1934 Masters Tournament
- Front cover of the 1934 Masters Official program

Tournament information
- Dates: March 22–25, 1934
- Location: Augusta, Georgia, U.S. 33°30′11″N 82°01′12″W﻿ / ﻿33.503°N 82.020°W
- Course: Augusta National Golf Club
- Organized by: Augusta National Golf Club
- Tour: PGA Tour

Statistics
- Par: 72
- Length: 6,700 yards (6,126 m)
- Field: 72 players
- Cut: None
- Prize fund: $5,000
- Winner's share: $1,500

Champion
- Horton Smith
- 284 (−4)
- Augusta National Location in the United States Augusta National Location in Georgia

= 1934 Masters Tournament =

The 1934 Masters Tournament was the first Masters Tournament, held March 22–25 at Augusta National Golf Club in Augusta, Georgia, United States. It was officially known as the "Augusta National Invitation Tournament" for its first five editions, but informally as the Masters from the start.

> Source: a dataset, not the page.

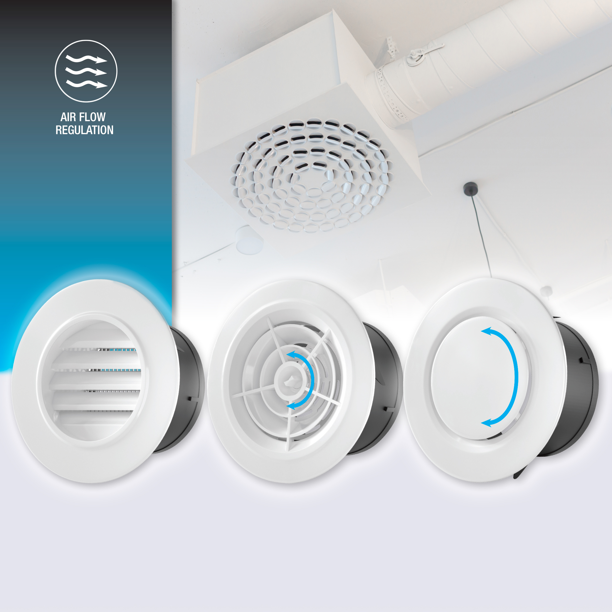 Poklopci ventilacijskog otvora promjera 100 mm u tri različita dizajna uklopit će se u svaki prostor. Modeli 420-902, i 420-903 imaju mogućnost regulacije protoka zraka.

CBS Radio broadcast updates daily, making this the second golf tournament to be broadcast live. The sportscaster was Herbert H. Ramsay, former U.S. Golf Association president. This tournament also marked the return of Bobby Jones from retirement.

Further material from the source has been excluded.